# Download ORACC JSON Files
This script downloads open data from the Open Richly Annotated Cuneiform Corpus ([ORACC](http://oracc.org)) in `json` format. The JSON files are made available in a ZIP file. For a description of the various JSON files included in the ZIP see the [open data](http://oracc.museum.upenn.edu/doc/opendata) page on [ORACC](http://oracc.org). 

In [1]:
import pandas as pd   
import requests
import io
import tqdm
import json
import os

# Create Download Directory
Create a directory called `jsonzip`. If the directory already exists, do nothing.

For the code, see [Stack Overflow](http://stackoverflow.com/questions/18973418/os-mkdirpath-returns-oserror-when-directory-does-not-exist).

In [2]:
import errno
import os
try:
    os.mkdir('jsonzip')
except OSError as exc:
    if exc.errno !=errno.EEXIST:
        raise
    pass

# Input List of Text IDs or a project abbreviation
Identify a list of text IDs (P, Q, and X numbers) in the directory `text_ids`. The IDs are six-digit P, Q, or X numbers preceded by a project abbreviation in the format 'PROJECT/P######' or 'PROJECT/SUBPROJECT/Q######'. For example:
* dcclt/P117395
* etcsri/Q001203
* rinap/rinap1/Q003421

The list should be created with a flat text editor such as Textedit or Emacs, and the filename should end in `.txt`. The list may also include start and stop lines (if you need only part of a text). The download module, however, only looks at the project names.

Alternatively, one may enter the name (abbreviation) of a project or sub-project in [ORACC](http://oracc.org) and pull all the lemmatized data from that project. Note that the script will not automatically pull data from subprojects, they have to be requested separately. Examples:
* saao/saa01
* aemw/amarna
* rimanum

In [3]:
filename = input('Filename: ')

Filename: test.txt


# Parse the file with text IDs
The following code reads the file with text ID and pulls out the project names. The code removes accidental spaces at the beginning and the end of each line as well as blank lines. Each line in the file with text IDs is split at the first space - everything after the first space is ignored. The last 8 digits of the text ID are removed, to leave only the project name.

In [4]:
if filename[-4:] == '.txt':
    textids = 'text_ids/' + filename
    with open(textids, 'r') as f:
        pqxnos = f.readlines()
    pqxnos = [x.strip() for x in pqxnos]  # strip spaces left and right
    pqxnos = [x for x in pqxnos if not x == ""] # remove empty lines
    pqxnos = [x.split()[0] for x in pqxnos] # strip everything after first space
    projects = [x[:-8].lower() for x in pqxnos]
    projects = list(set(projects))
else:
    name = name.strip().lower()
    projects = [name]

## Download the ZIP files
For each project from which files are to be processed download the entire project (all the json files) from `http://build-oracc.museum.upenn.edu/json/`. The file is called `PROJECT.zip` (for instance: `dcclt.zip`).

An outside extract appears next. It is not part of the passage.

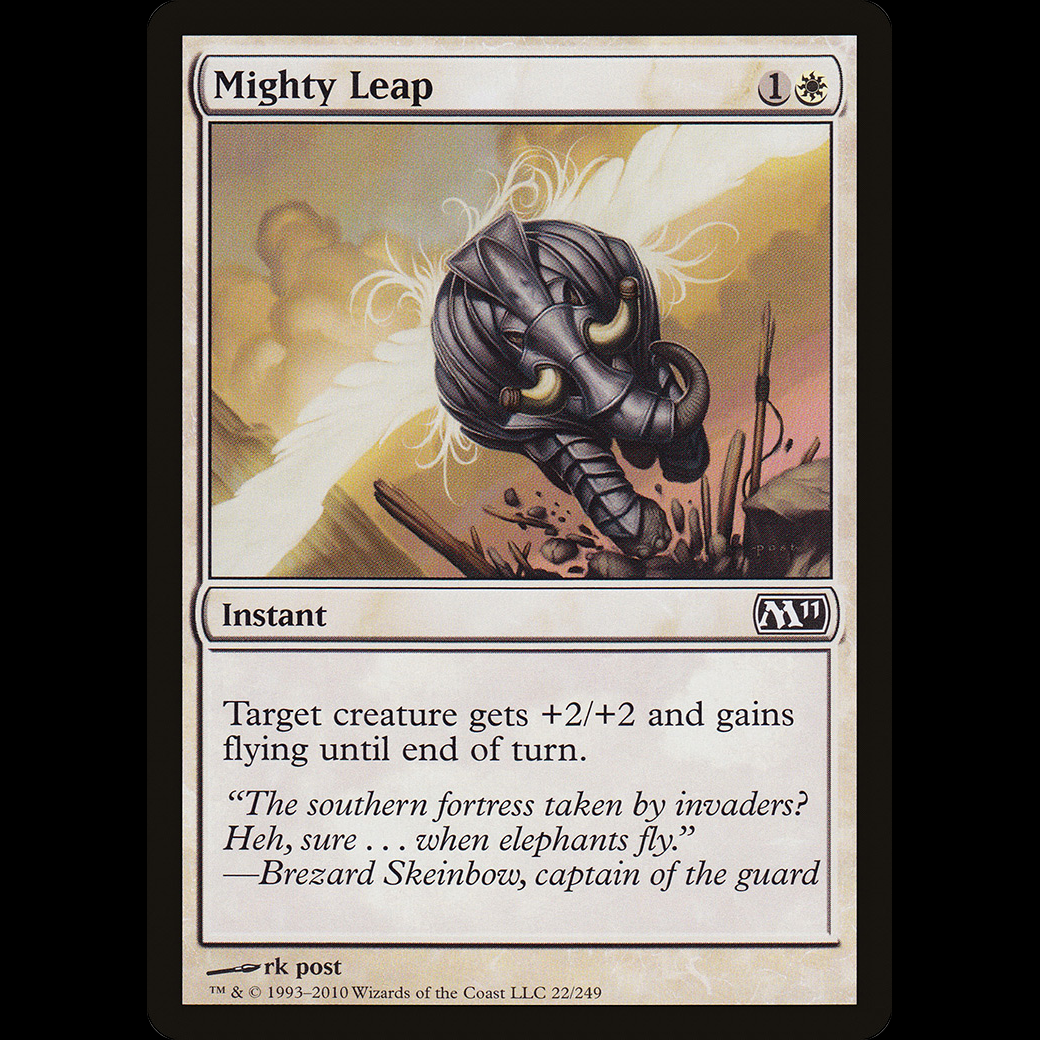 MTG Mighty Leap Magic 2011Target creature gets +2/+2 and gains flying until end of turn.

For subprojects the file is called `PROJECT-SUBPROJECT.zip` (for instance `cams-gkab.zip`). 

For larger projects (such as [DCCLT](http://oracc.org/dcclt)) the `zip` file may be 25Mb or more. Downloading may take some time and it may be necessary to chunk the downloading process. The `iter_content()` function in the `requests` library takes care of that.

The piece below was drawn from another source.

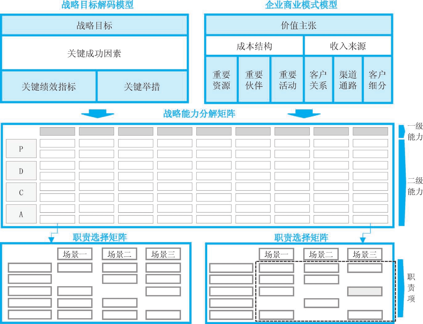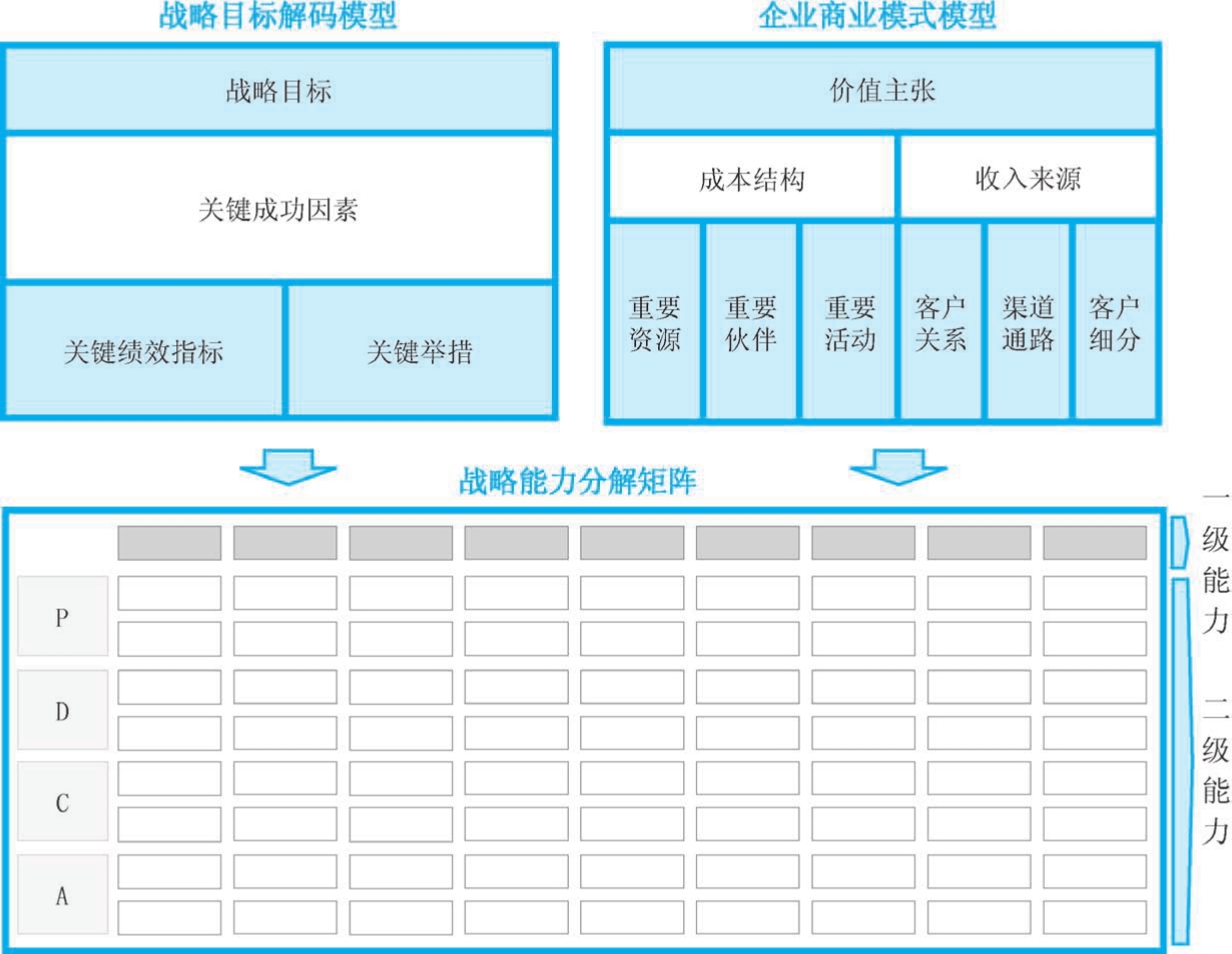 如图1-3所示,企业的<一级能力项>是通过承接<企业商业模式模型><战略目标解码模型>而来的,<二级能力项>则是通过PDCA四个阶段将<一级能力项>进行细分拆解而得。通过<战略能力分解矩阵>可以回答企业应该具备哪些能力这个问题。

Although downloading the entire zip file is time consuming, it will make processing the individual files much more efficient and the code is less likely to break due to interruption in connectivity.


In [6]:
CHUNK = 16 * 1024
for project in tqdm.tqdm(projects):
    project = project.replace('/', '-')
    url = "http://build-oracc.museum.upenn.edu/json/" + project + ".zip"
    file = 'jsonzip/' + project + '.zip'
    r = requests.get(url)
    if r.status_code == 200:
        print("Downloading " + url + " saving as " + file)
        with open(file, 'wb') as f:
            for c in r.iter_content(chunk_size=CHUNK):
                f.write(c)
    else:
        print(url + " does not exist.")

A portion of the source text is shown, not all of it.